If Personality Alignment gives the A-User its style, A-User Formation AIM gives the A-User its body and its voice, the avatar and the speech for the A-User Control to embed in the metaverse. The A-User stops being an abstract brain controlling various types of processing and becomes a visible, interactive entity. It’s not just about projecting a face on a bot; it’s about creating a coherent representation that matches the personality, the context, and the expressive cues.

We have already presented the system diagram of the Autonomous User (A-User), an autonomous agent able to move and interact (walk, converse, do things, etc.) with another User in a metaverse. The latter User may be an A-User or be under the direct control of a human and is thus called a Human-User (H-User). The A-User acts as a “conversation partner in a metaverse interaction” with the User.

This is the tenth and last of a sequence of posts aiming to illustrate more in depth the architecture of an A-User and provide an easy entry point for those who wish to respond to the MPAI Call for Technology on Autonomous User Architecture.
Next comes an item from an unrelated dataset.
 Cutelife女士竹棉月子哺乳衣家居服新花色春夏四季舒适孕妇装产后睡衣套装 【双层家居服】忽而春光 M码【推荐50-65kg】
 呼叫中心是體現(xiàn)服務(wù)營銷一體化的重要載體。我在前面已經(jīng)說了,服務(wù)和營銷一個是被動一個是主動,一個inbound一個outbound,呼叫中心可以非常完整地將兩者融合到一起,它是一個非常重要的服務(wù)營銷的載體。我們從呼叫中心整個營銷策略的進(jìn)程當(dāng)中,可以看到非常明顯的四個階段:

The first six dealt with 1) the Control performed by the A-User Control AI Module on the other components of the A-User; 2) how the A-User captures the external metaverse environment using the Context Capture AI Module; 3) listens, localises, and interprets sound not just as data, but as data having a spatially anchored meaning; 4) makes sense of what the Autonomous User sees by understanding objects’ geometry; relationships, and salience; 5) takes raw sensory input and the User State and turns them into a well‑formed prompt that Basic Knowledge can actually understand and respond to; 6) taps into domain-specific intelligence for deeper understanding of user utterances and operational context; 7) the core language model of the Autonomous User – the “knows-a-bit-of-everything” brain, the first responder to a prompt of a sequence of four; 8) converting a “blurry photo” of the User in the environment taken at the onset of the process into a focused picture; and 9) providing not only a generic bot but a character with intent, tone, and flair – not only a matter of what the avatar utters but how its words land, how the avatar moves, and how the whole interaction feels.

A-User Formation AIM gives the A-User a body and a voice, the results of a chain or AI Modules composing the A-User pipeline enabling a perceptible and coherent representation that matches the personality, the context, and the expressive cues.
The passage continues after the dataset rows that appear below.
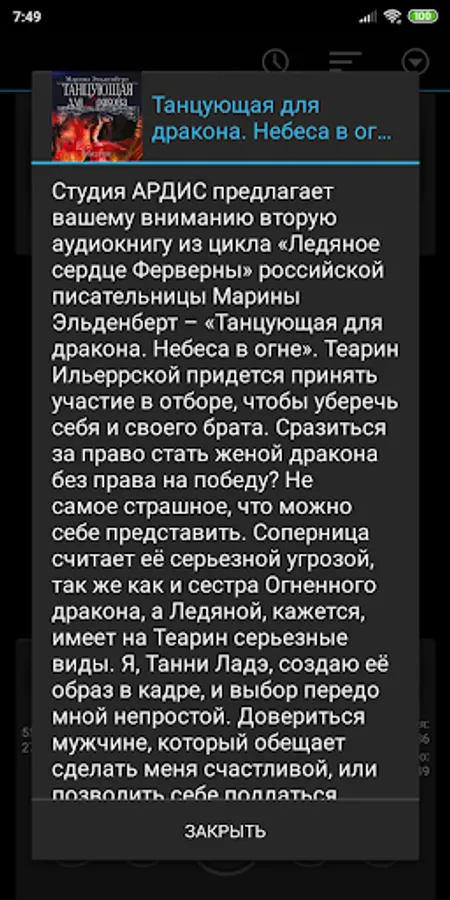 ARDIS Studio brings to your attention the second audiobook from the series “Froverna’s Frozen Heart” by the Russian writer Marina Eldenbert - “Dancing for the Dragon. Heaven is on fire. ”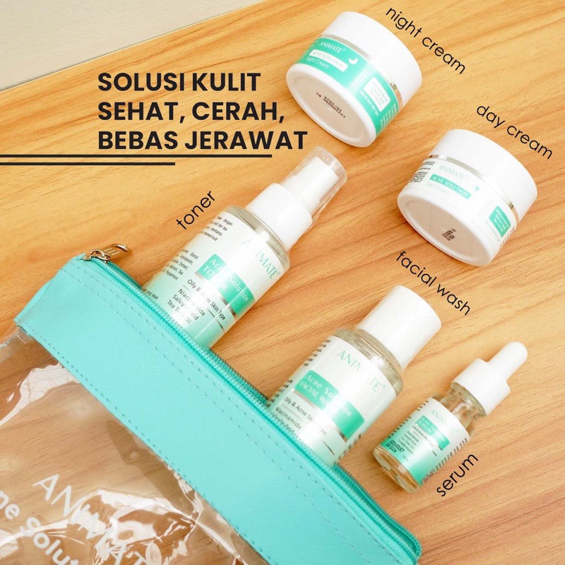 Cara pemakaian : 1. Bersihkan kulit wajah dengan Animate Acne Solution Facial Wash pagi dan malam hari 2. Gunakan Toner dengan Tissue atau di Tap Tap saja untuk Animate Acne Solution Toner secukupnya saat pagi dan malam hari 3. Gunakan Serum Animate Acne Solution Serum 2-3 tetes saja saat pagi dan malam hari 4. Gunakan Day cream untuk pagi hari dan night cream untuk malam hari .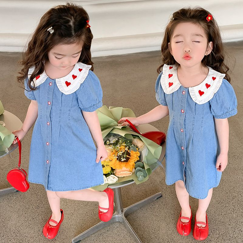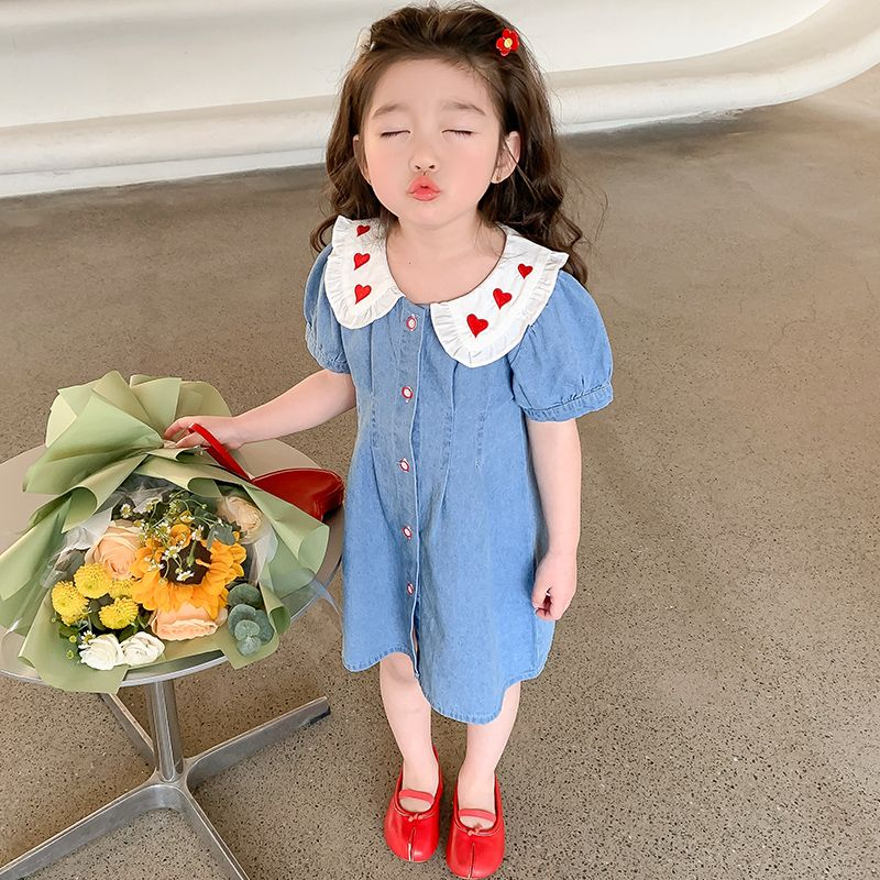 Dress Jeans Love Bordir Anak Perempuan Baju Denim Cewek Nyaman Dipakai Bahan Lembut Untuk Bayi Dan Balita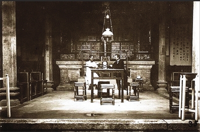 ■1910年,河源一个青年机构接待室的布局。厅堂正中吊着的是一盏煤油汽灯。(原图现藏美国南加州大学图书馆)

The inputs driving A-User Formation are

  • A-User Entity Status: The personality blueprint from Personality Alignment (tone, gestures, behavioural traits).
  • Final Response: personality-tuned content from Basic Knowledge – what the avatar will utter.
  • A-User Control Command: Directives for rendering and positioning in the metaverse (e.g., MM-Add, MM-Move).
  • Rendering Parameters: Synchronisation cues for speech, facial expressions, and gestures.
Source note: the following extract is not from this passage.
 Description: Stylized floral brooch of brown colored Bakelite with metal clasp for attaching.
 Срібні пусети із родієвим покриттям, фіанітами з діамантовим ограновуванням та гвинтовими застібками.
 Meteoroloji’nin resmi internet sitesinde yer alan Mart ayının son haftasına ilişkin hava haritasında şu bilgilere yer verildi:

What comes out of the box: Formation Status

  • A multimodal representation of the A-User (Speaking Avatar) that talks, moves, and reacts in sync with the A-User’s intent – the best expression the A-User can give of itself in the circumstances.
  • Structured report on the processing that led to the result.

What Makes A-User Formation Special?

It’s the last mile of the pipeline – the point where all upstream intelligence (context, reasoning, User’s Entity Status estimation, personality) becomes visible and interactive. A-User Formation ensures:

  • Expressive Coherence: Speech, gestures, and facial cues match the chosen personality.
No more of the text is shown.